> WHAT TO PRODUCE
Nothing but the lines below, from the first through the line containing "仰望包脚布:仰望包脚布隶属上", should be set down, each one exactly and without pictures.

> DATA SECTION

>>>

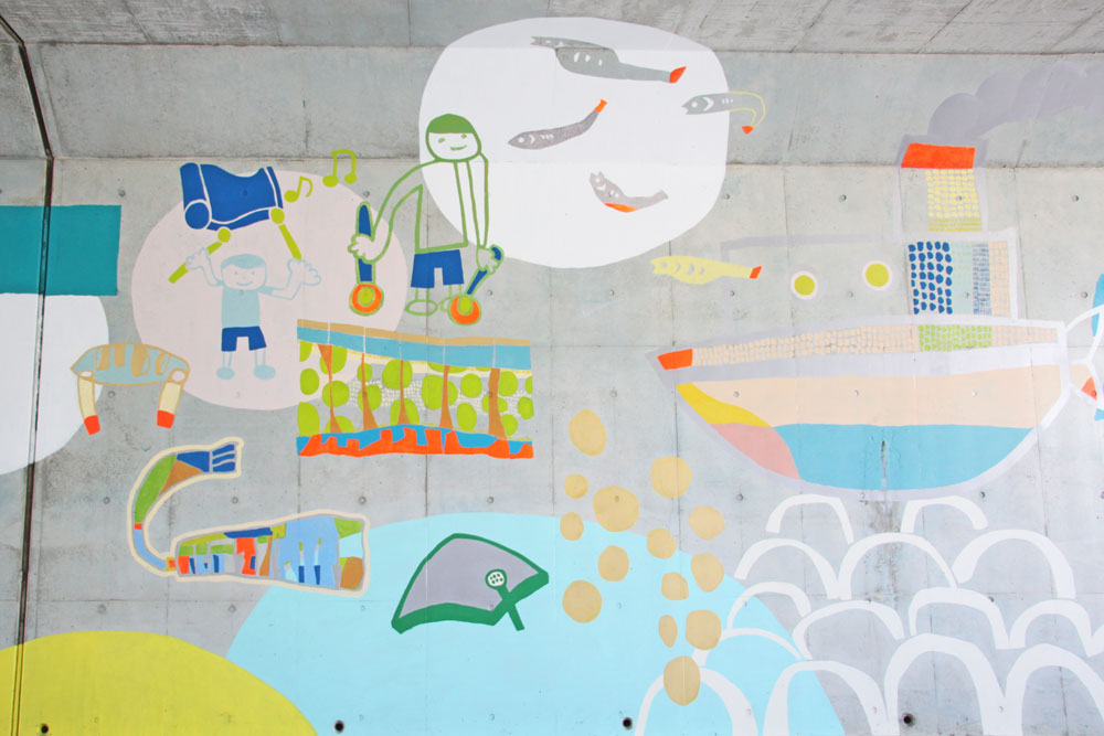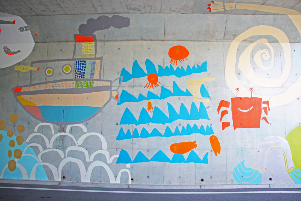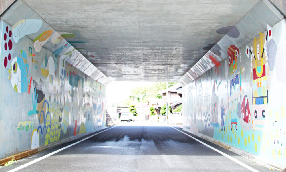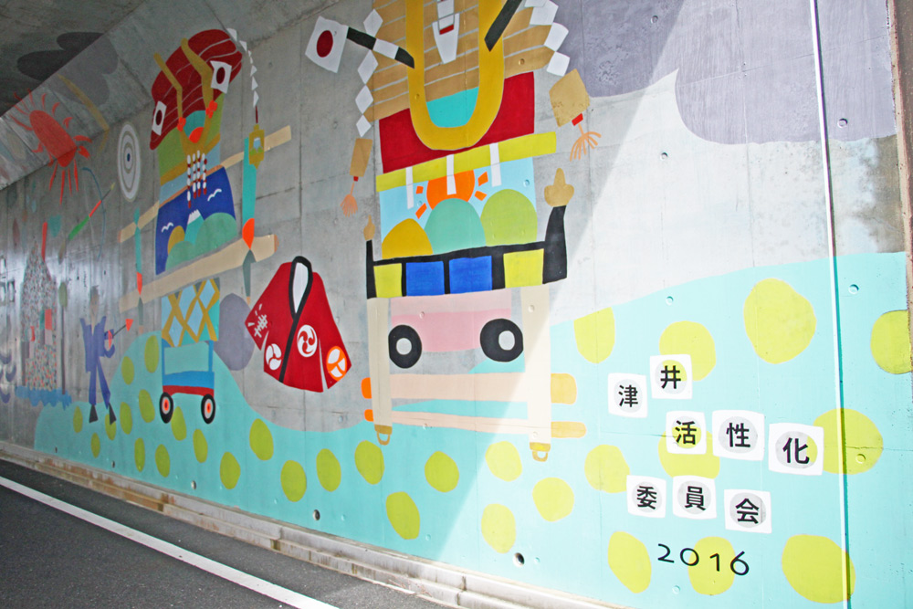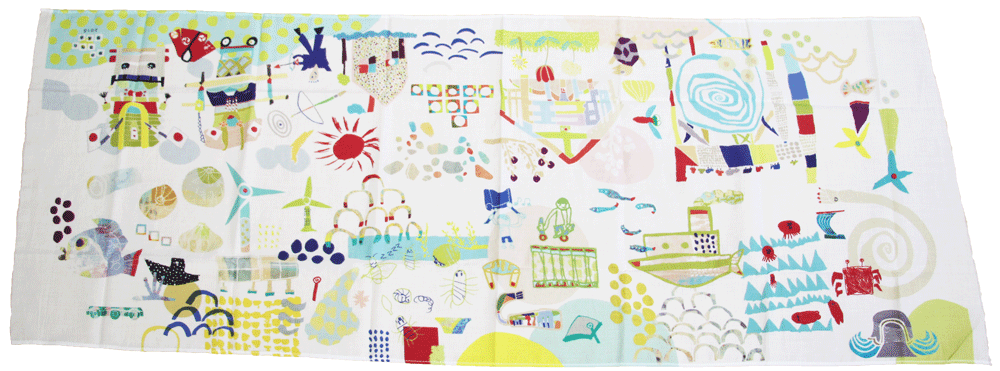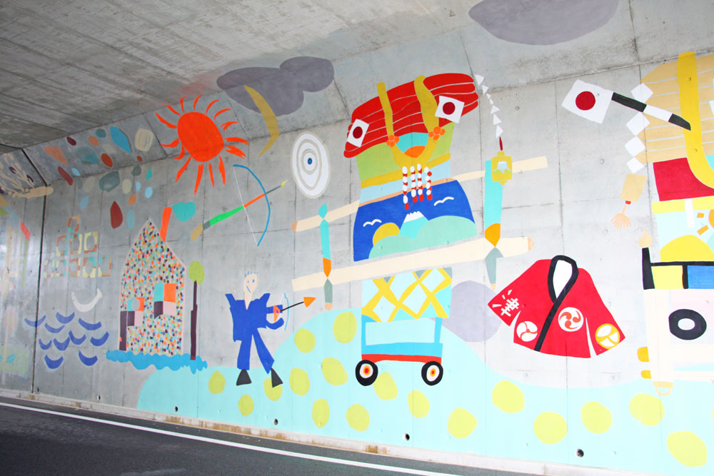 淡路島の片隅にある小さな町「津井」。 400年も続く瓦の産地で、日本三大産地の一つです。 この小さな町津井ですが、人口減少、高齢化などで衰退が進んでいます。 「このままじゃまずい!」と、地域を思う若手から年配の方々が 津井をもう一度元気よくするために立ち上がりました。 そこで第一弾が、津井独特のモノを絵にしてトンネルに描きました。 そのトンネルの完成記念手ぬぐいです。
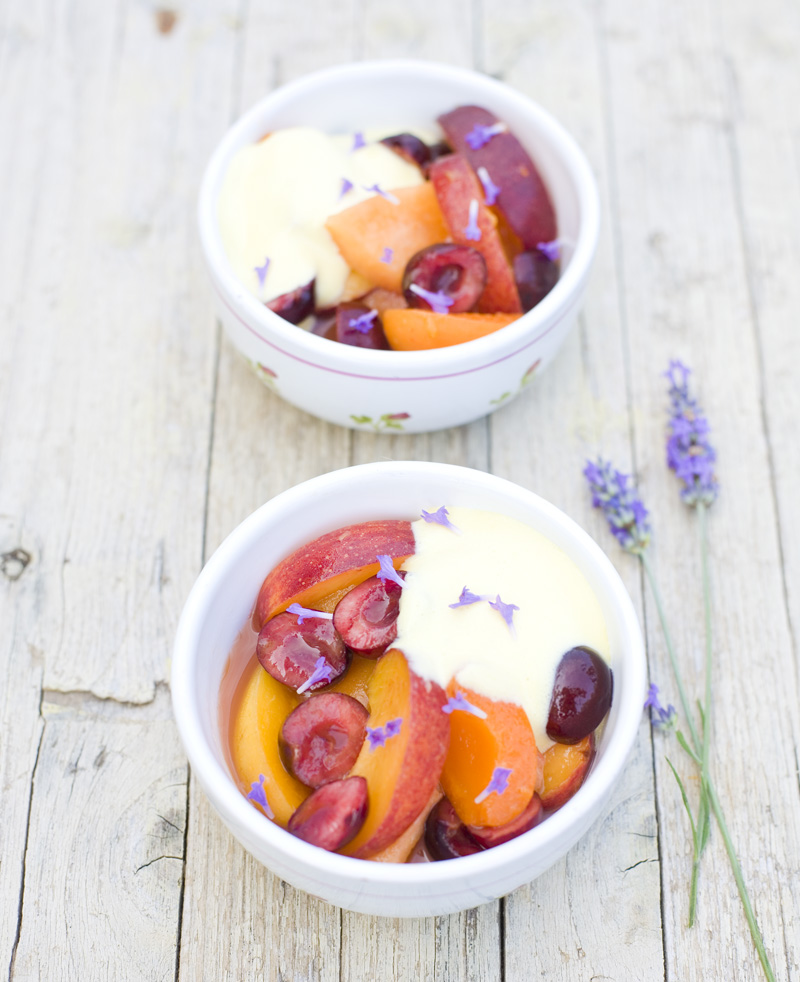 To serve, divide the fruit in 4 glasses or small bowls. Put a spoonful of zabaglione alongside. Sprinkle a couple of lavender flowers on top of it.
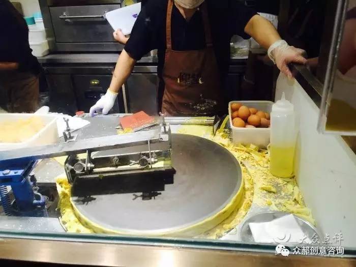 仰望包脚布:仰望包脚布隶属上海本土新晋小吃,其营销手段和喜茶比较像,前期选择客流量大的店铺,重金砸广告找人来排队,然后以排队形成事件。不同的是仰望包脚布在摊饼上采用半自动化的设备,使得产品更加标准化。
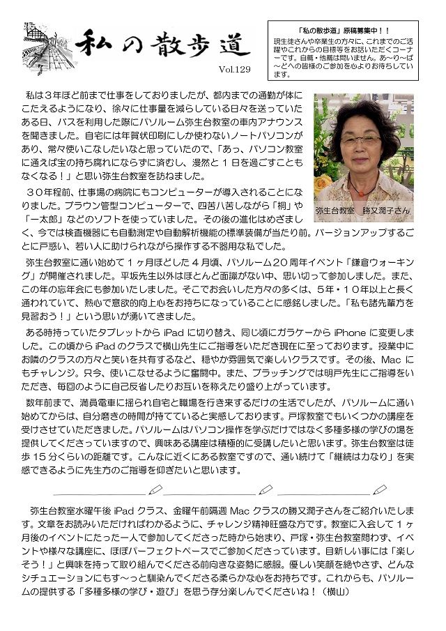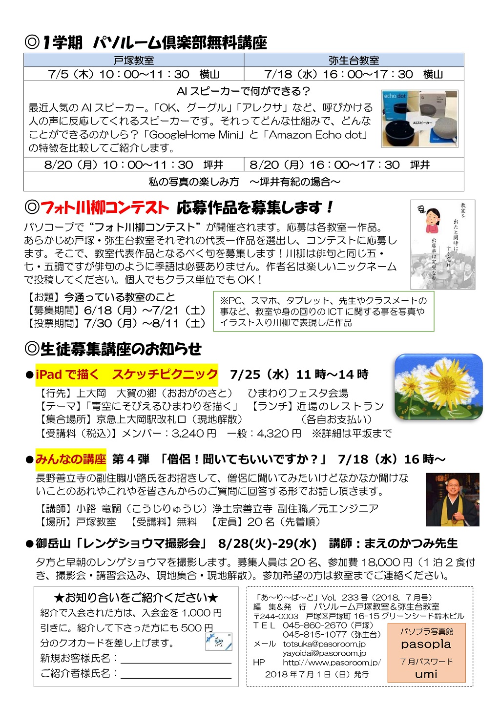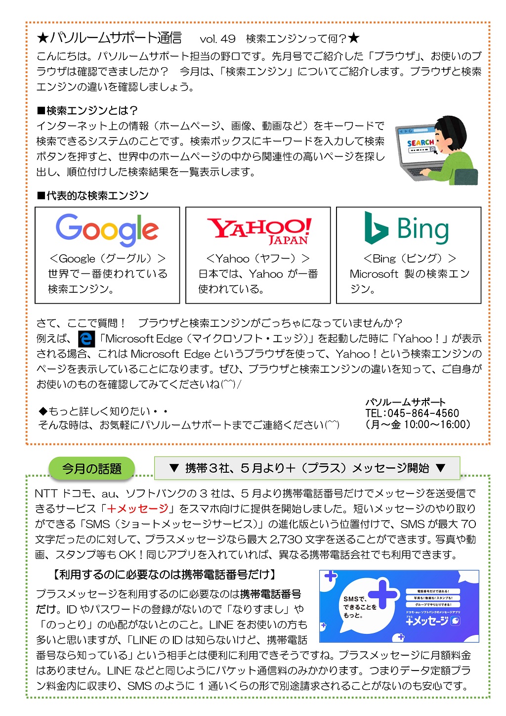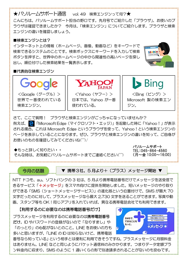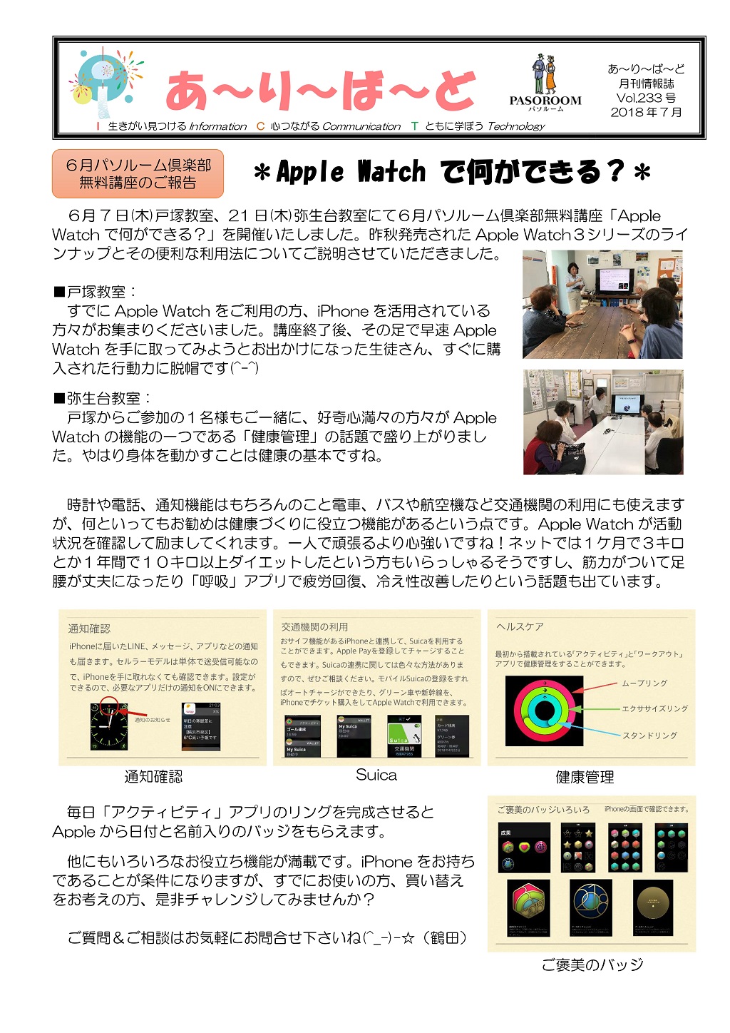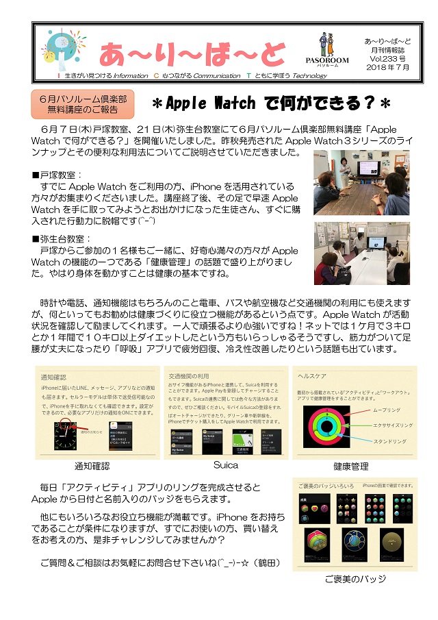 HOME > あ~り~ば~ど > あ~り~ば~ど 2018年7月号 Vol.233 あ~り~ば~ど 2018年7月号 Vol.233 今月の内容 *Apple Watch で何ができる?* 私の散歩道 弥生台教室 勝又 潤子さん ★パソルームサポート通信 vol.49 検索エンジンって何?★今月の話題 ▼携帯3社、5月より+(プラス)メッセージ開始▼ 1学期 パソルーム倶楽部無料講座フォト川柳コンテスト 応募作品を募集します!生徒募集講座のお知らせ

<<<

> PROBLEM SOLUTION
 淡路島の片隅にある小さな町「津井」。 400年も続く瓦の産地で、日本三大産地の一つです。 この小さな町津井ですが、人口減少、高齢化などで衰退が進んでいます。 「このままじゃまずい!」と、地域を思う若手から年配の方々が 津井をもう一度元気よくするために立ち上がりました。 そこで第一弾が、津井独特のモノを絵にしてトンネルに描きました。 そのトンネルの完成記念手ぬぐいです。
 To serve, divide the fruit in 4 glasses or small bowls. Put a spoonful of zabaglione alongside. Sprinkle a couple of lavender flowers on top of it.
 仰望包脚布:仰望包脚布隶属上海本土新晋小吃,其营销手段和喜茶比较像,前期选择客流量大的店铺,重金砸广告找人来排队,然后以排队形成事件。不同的是仰望包脚布在摊饼上采用半自动化的设备,使得产品更加标准化。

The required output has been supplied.